- DVD cover
- Directed by: S. Narayan
- Written by: S. Narayan
- Produced by: S. Narayan
- Starring: Duniya Vijay Shubha Punja
- Cinematography: Jagdish Vaali
- Edited by: Soundar Rajan
- Music by: S. Narayan
- Release date: 16 November 2007;
- Country: India
- Language: Kannada

= Chanda (2007 film) =

Chanda is a 2007 Kannada-language film directed by S. Narayan, produced by Smt. Bhagyavathi and starred Duniya Vijay and Shubha Punja. The film was in the news when Duniya Vijay decided not to dub for the film.
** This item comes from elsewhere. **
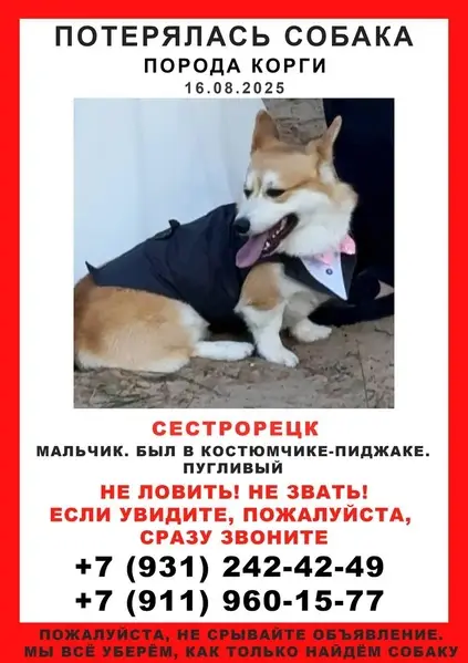 Найден в 8:40 утра, на улице Лазо у дома пр. Ударников, 52к2, кобель породы чихуахуа, гладкошёрстный, кастрированный, видно в возврасте, очень послушный, радостный пёс, на собаке нет ошейника, окрас рыжий с белой грудкой и на кончиках лап белые пятна. Собаку уже теряли и нашли в июле 2025г., в объявлении тогда было указано очень страдают дети, ул. Коммуны 47, телефон хозяина скрыт. Просьба помочь найти хозяина и позвонить по тел. +7 911 177-67-90

The film was a box office success.

==Cast==
- Duniya Vijay as Kariya
- Shubha Poonja as Swapna
- Sundar Raj
- Komal
- Master Rakesh
- Somanna Jaadar
- Shobha Raghavendra

==Soundtrack==

Track listing
| No. | Title | Singer(s) | Length |
|---|---|---|---|
| 1. | "Savi Savi" | Shaan, K. S. Chithra | 5:01 |
| 2. | "Nee Chandane" | Kumar Sanu, Shreya Ghoshal | 4:50 |
| 3. | "Hogu Manase" | K. S. Chithra, S. Narayan | 3:37 |
| 4. | "Hogonammi" | Karthik, K. S. Chithra | 5:03 |
| 5. | "Yenaitho Nangenayaitho" | Kunal Ganjawala, Shreya Ghoshal | 4:57 |
| 6. | "Hogu Manase" | Madhu Balakrishnan, S. Narayan | 5:56 |
| 7. | "Gundene Dyavru" | L. N. Shastri, S. Narayan | 7:45 |

==Release==
Sify gave a positive review. A critic from Rediff.com wrote that "Chanda is definitely an above average film".